1

I am trying to replace an image stream within an SDF document, using PDFNet 7.0.4 and netcoreapp3.1. As much as possible, I want to maintain the original object and its metadata; same dimensions, color system, compression, etc. Ideally object number and even generation would remain the same as well - the goal is that a before and after comparison would show only the changed pixels within the stream.

I'm getting the raw pixel data as a Stream object with this method:

private Stream GetImageData(int objectNum)
{
    var image = new PDF.Image(sdfDoc.GetObj(objectNum));

    var bits = image.GetBitsPerComponent();
    var channels = image.GetComponentNum();
    var bytesPerChannel = bits / 8;
    var height = image.GetImageHeight();
    var width = image.GetImageWidth();

    var data = image.GetImageData();
    var len = height * width * channels * bytesPerChannel;

    using (var reader = new pdftron.Filters.FilterReader(data))
    {
        var buffer = new byte[len];
        reader.Read(buffer);                

        return new MemoryStream(buffer);
    }
}

After manipulating the image data, I want to update it before saving the underlying SDFDoc object. I've tried using the following method:

private void SetImageData(int objectNum, Stream stream)
{
    var image = new PDF.Image(sdfDoc.GetObj(objectNum));

    var bits = image.GetBitsPerComponent();
    var channels = image.GetComponentNum();
    var bytesPerChannel = bits / 8;
    var height = image.GetImageHeight();
    var width = image.GetImageWidth();

    var len = height * width * channels * bytesPerChannel;
    if (stream.Length != len) { throw new DataMisalignedException("Stream length does not match expected image dimensions"); }

    using (var ms = new MemoryStream())
    using (var writer = new pdftron.Filters.FilterWriter(image.GetImageData()))
    {
        stream.CopyTo(ms);
        writer.WriteBuffer(ms.ToArray());
    }
}

This runs without error, but nothing actually appears to get updated. I've tried playing around with SDFObj.SetStreamData(), but haven't been able to make that work either. What is the lowest impact, highest performance way to directly replace just the raw pixel data within an image stream?


edit

I have this halfway working with this method:

private void SetImageData(int objectNum, Stream stream)
{
    var sdfObj = sdfDoc.GetObj(objectNum);
    var image = new PDF.Image(sdfObj);

    var bits = image.GetBitsPerComponent();
    var channels = image.GetComponentNum();
    var bytesPerChannel = bits / 8;
    var height = image.GetImageHeight();
    var width = image.GetImageWidth();

    var len = height * width * channels * bytesPerChannel;
    if (stream.Length != len) { throw new DataMisalignedException("Stream length does not match expected image dimensions"); }

    var buffer = new byte[len];
    stream.Read(buffer, 0, len);
    sdfObj.SetStreamData(buffer);
    sdfObj.Erase("Filters");
}

This works as expected, but with the obvious caveat that it just ignores any existing compression and turns the image into a raw uncompressed stream.

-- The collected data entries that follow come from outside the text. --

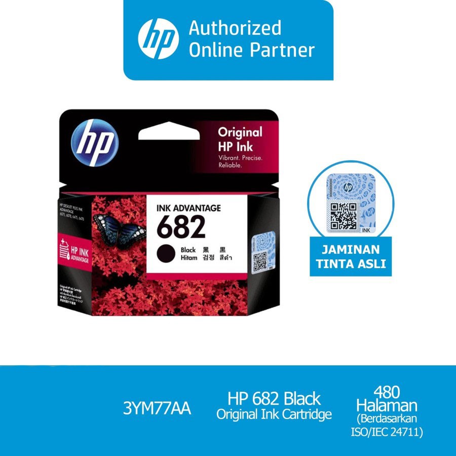 HP 682 Black Original Ink Catridge Tinta Printer Hitam Original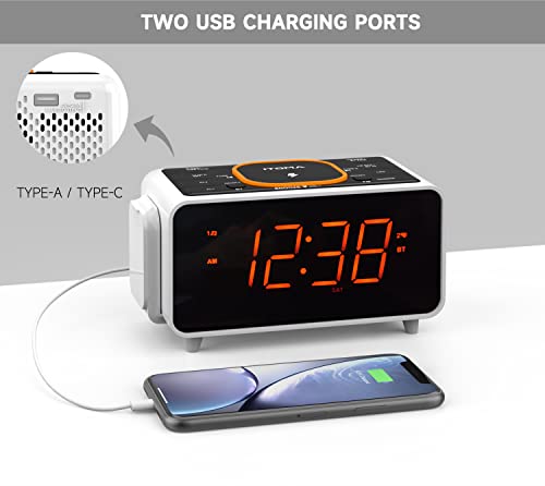 Radiosveglia, Caricabatterie Wireless Bluetooth 15 Watt, Porta USB, Doppia Sveglia Dock di Ricarica, Snooze, Sveglia Digitale Dimmerabile, Display da 1,4 Pollici Luce Notturna LED Arancio iTOMA CKS209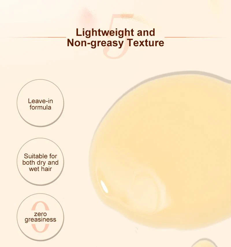This product contains a blend of four natural hair care oils, red safflower glucoside, and small molecule protein complex, zero-second wait, making your hair instantly soft and smooth.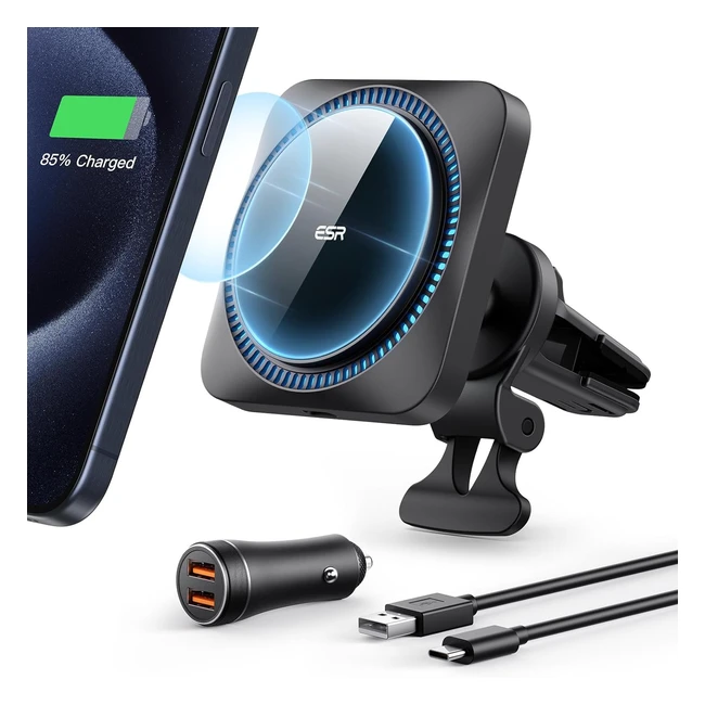 ESR HaloLock Caricatore Wireless per Auto con CryoBoost, Compatibile con iPhone Serie 15141312 e MagSafe, Tecnologia di Raffreddamento del Telefono, Include un Adattatore QC 30 da 36W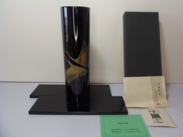 ●sk185 【丸花生】 花器 二羽鶴文様 ※難有(白い曇りシミ・板台の縁塗りムラ有)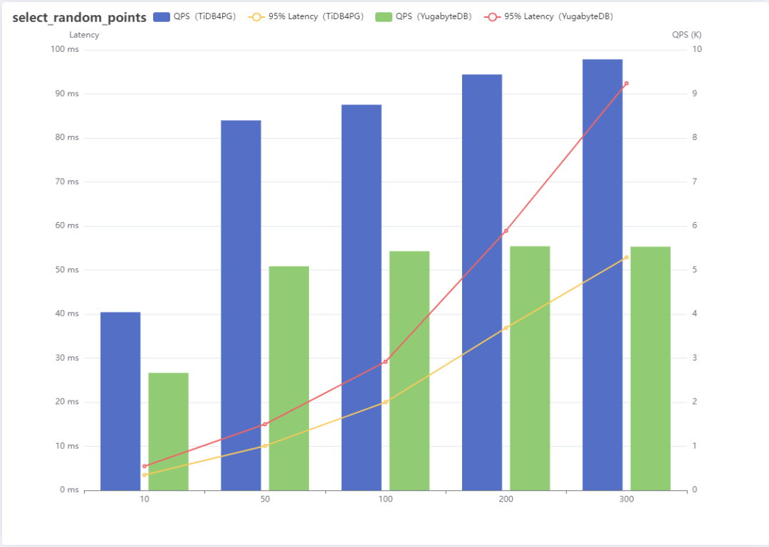 | 线程数 | QPS(TiDB4PG) | 95% Latency(TiDB4PG) | QPS(YugabyteDB) | 95% Latency(YugabyteDB) |
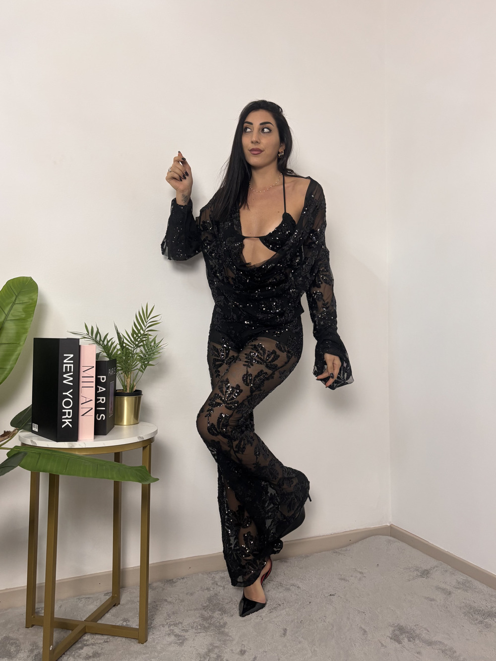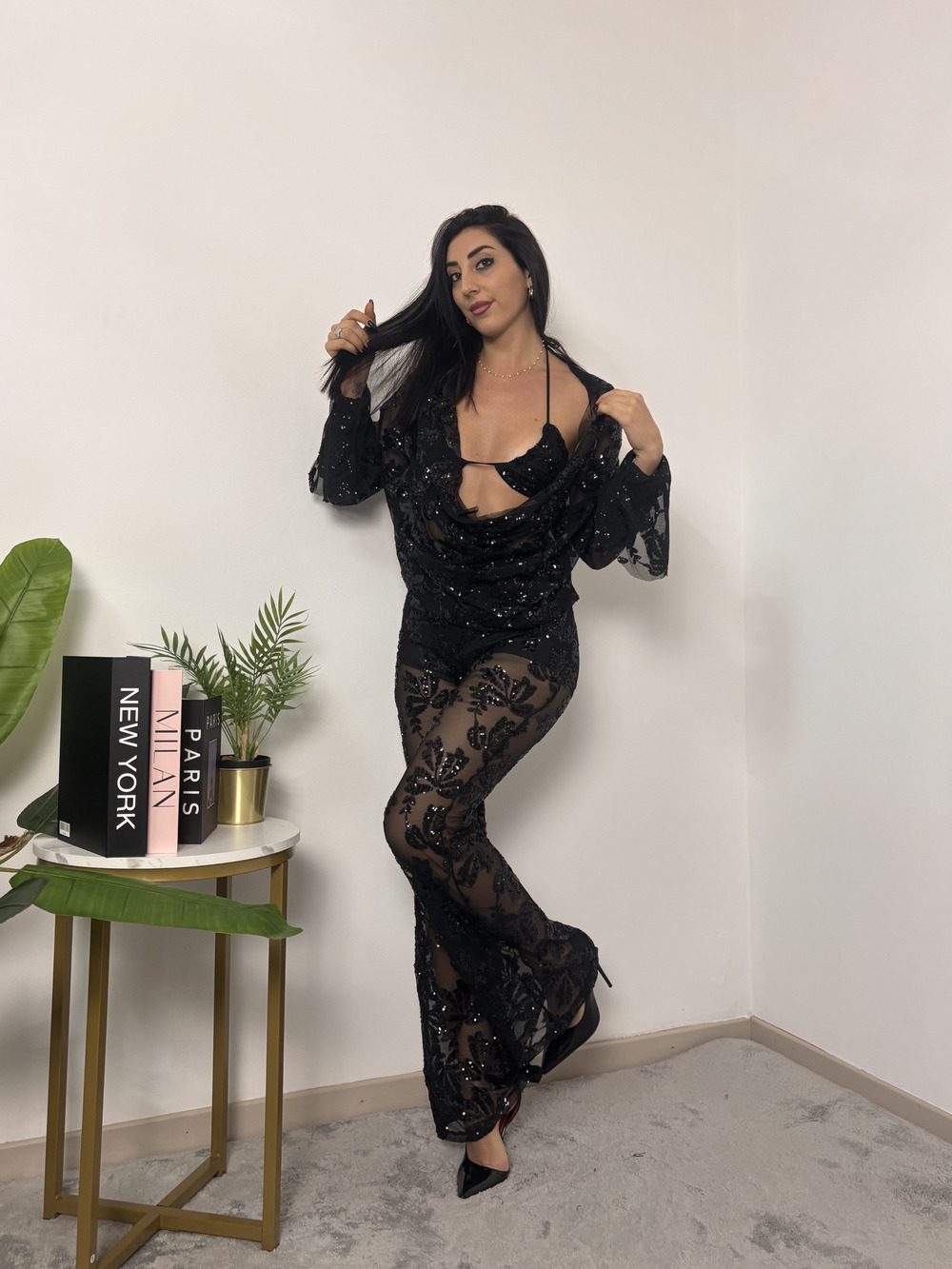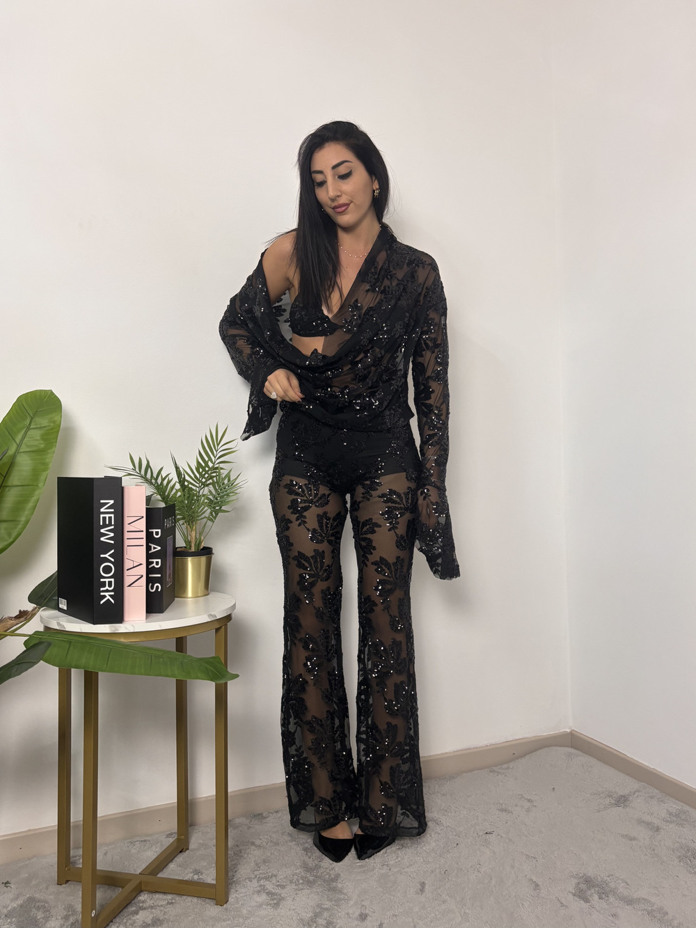 Pantalone a zampa con culotte, reggiseno e maxi camicia con scollo morbido.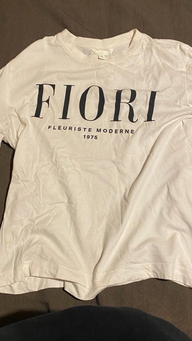 Beyaz pamuk hamile tişörtü, bol kesim ve kısa kollu. Yuvarlak yaka ve 'FIORI FLEURISTE MODERNE 1975' baskılı. Günlük sokak stiline uygun.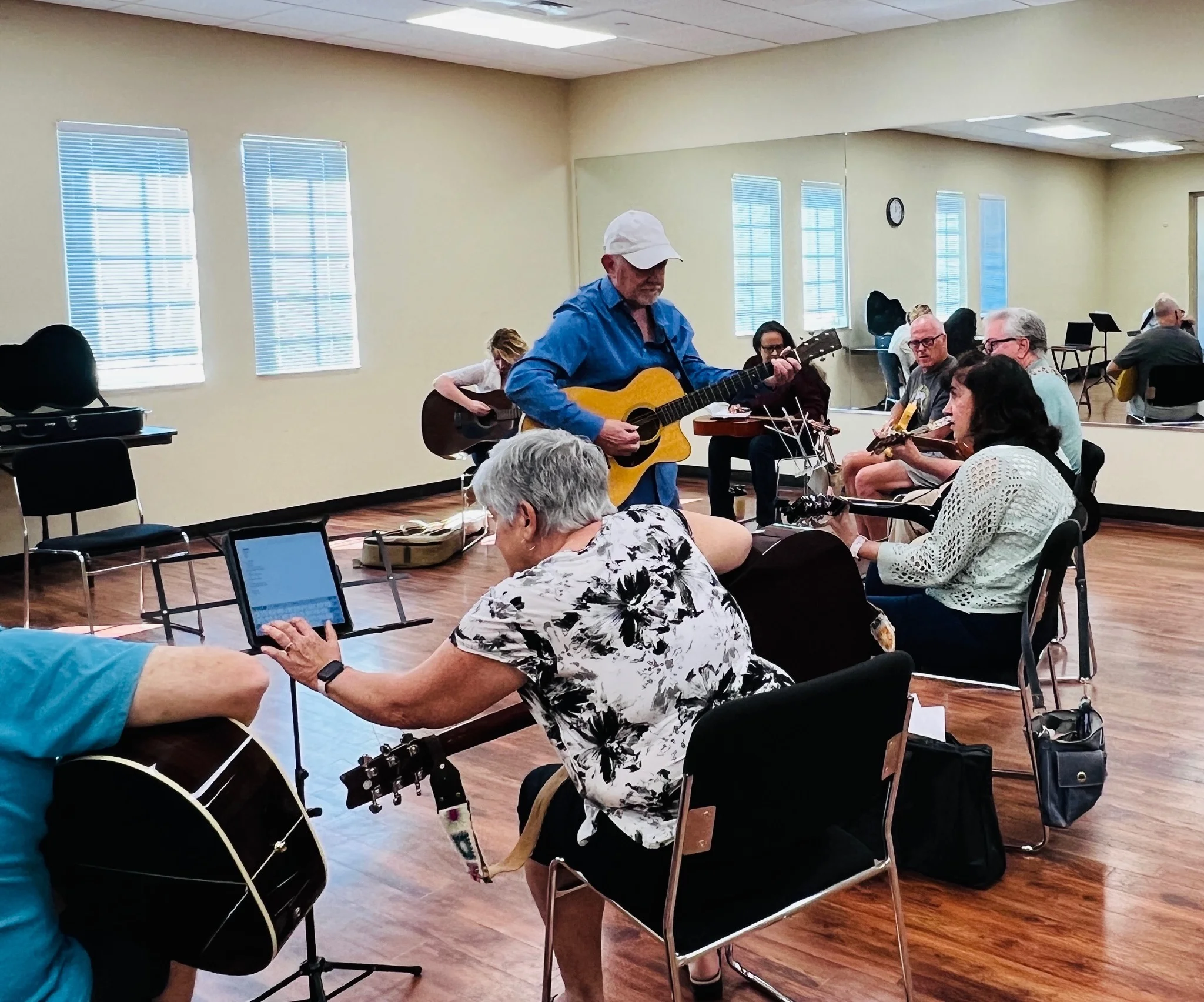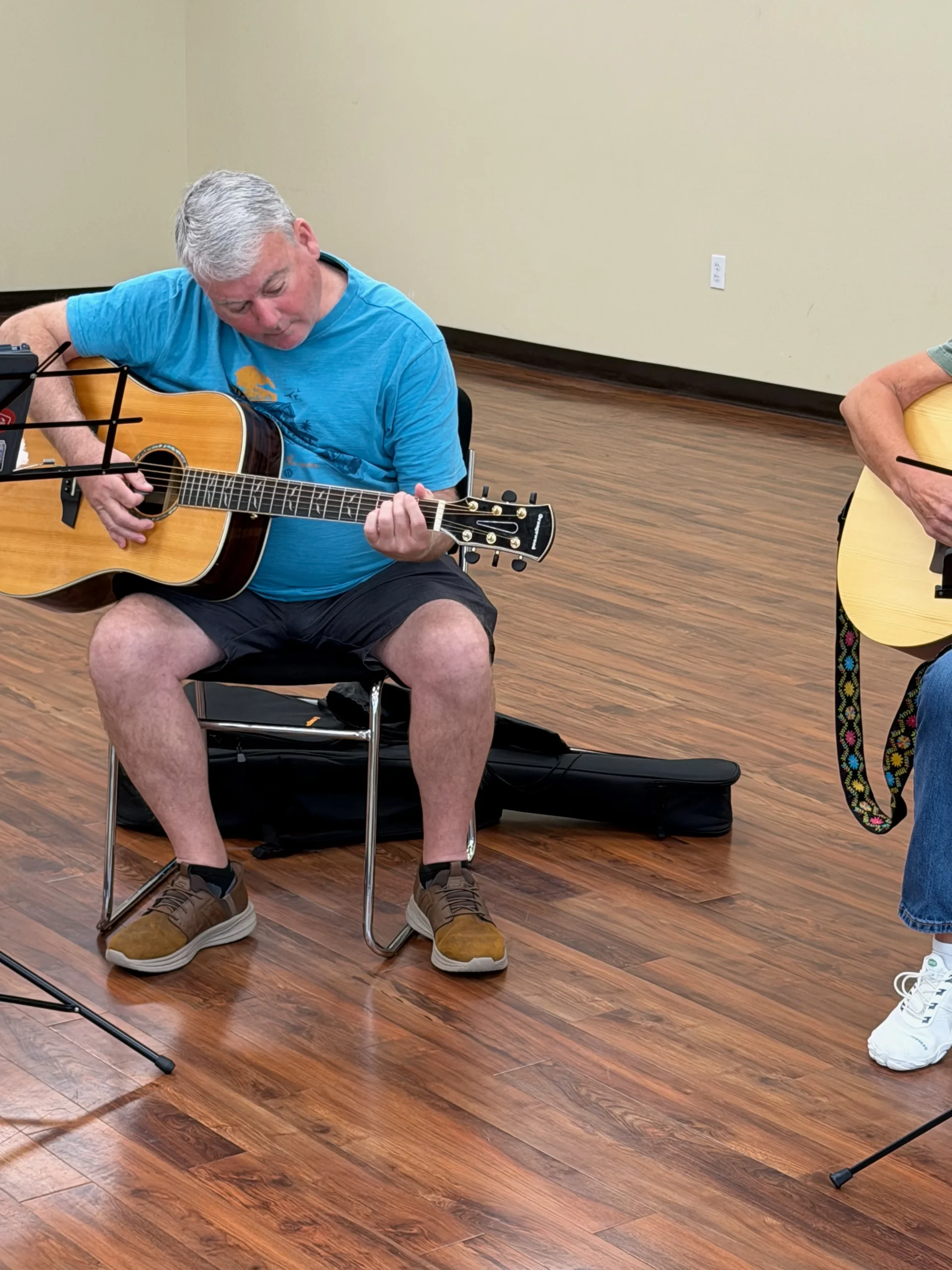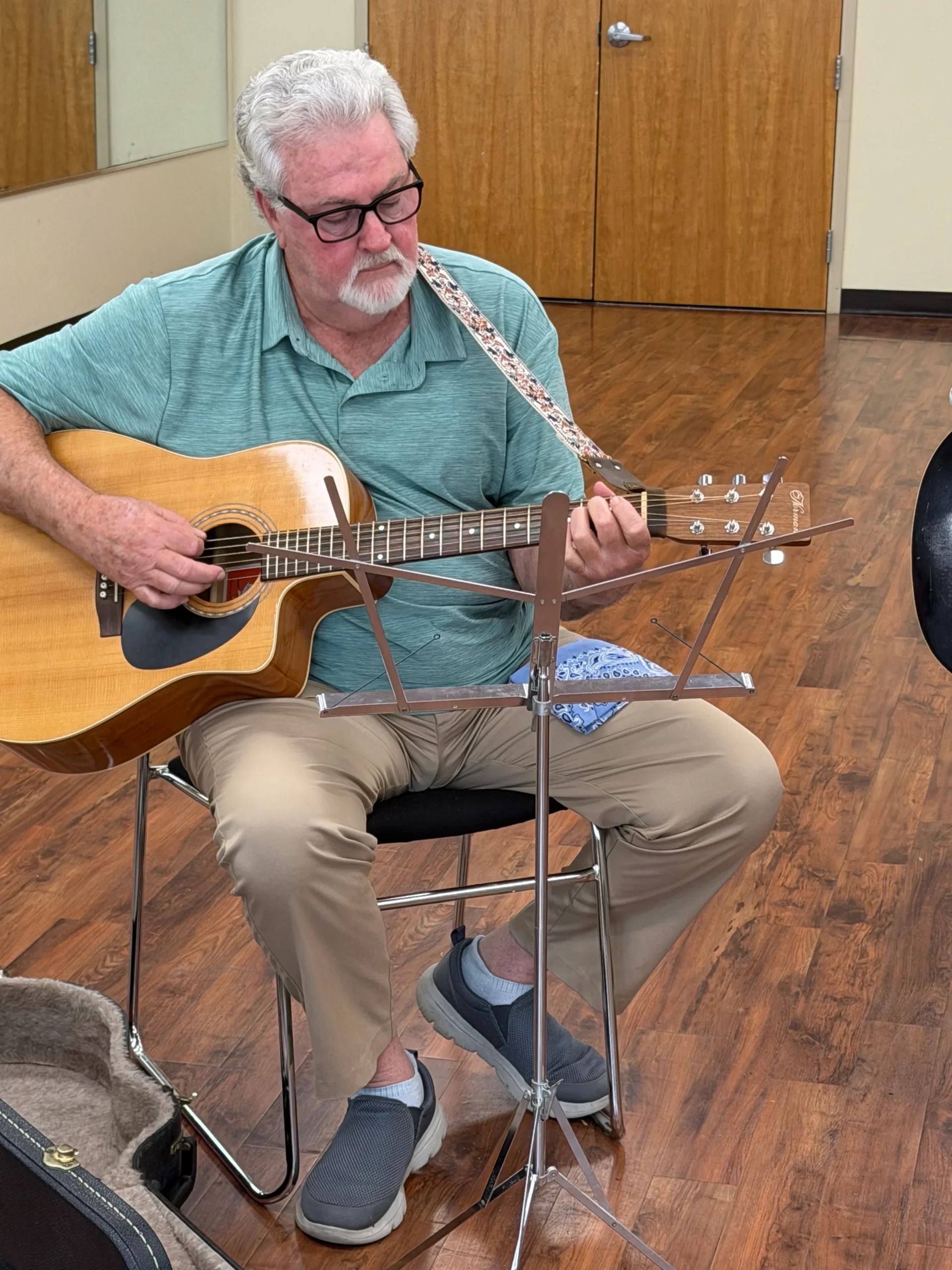 He’s been playing for over 60 years, has toured as a working musician, and later studied how adults learn (andragogy), which shaped how he teaches today.

I've tried sdfObj.SetStreamData(buffer, image.GetImageData()); and sdfObj.SetStreamData(buffer, image.GetImageData().GetAttachedFilter()); and this does update the object in the file, but the resulting image fails to render.

superstator
  • 3,005
  • 1
  • 33
  • 43
  • Are you looking for a general solution? Because some PDF image formats are 1bit per-channel (8 pixels per byte). Perhaps you could elaborate on why this is important, there may be an easier way to accomplish this task. – Ryan Feb 19 '20 at 00:34
  • Practically speaking we’ll only be updating 8bit or 16bit per channel images. The goal is just to keep it fast, and make the absolute minimum of structural changes to the document – superstator Feb 19 '20 at 00:50
  • You are on the right track with your latest code. You want to use "stream.SetStreamData(byteArray, new FlateEncode(null));". Note the 2nd parameter will will flate (zlib) compress your image data. If that doesn't help, can you provide a specific input PDF file for review (and the image you want to edit)? – Ryan Feb 21 '20 at 23:07
  • I'm looking at https://arxiv.org/pdf/2002.04610.pdf again, object 381. When I try passing the FlateEncode object to SetStreamData(), it still corrupts the image somehow. We also want to be able to handle other filter types like DCT, JPX, or LZW – superstator Feb 21 '20 at 23:37
  • If I just do the compression myself using `System.IO.Compression.DeflateStream` that works OK, but still leaves the issue of DCT/JPX etc – superstator Feb 22 '20 at 00:13
  • I think you are essentially there, you just need to delete the "DecodeParms" entry which would no longer be correct for the updated compressed bytes. – Ryan Feb 22 '20 at 01:32

1 Answers1

1

The following code shows how to retain an Image object, but change the actual stream data.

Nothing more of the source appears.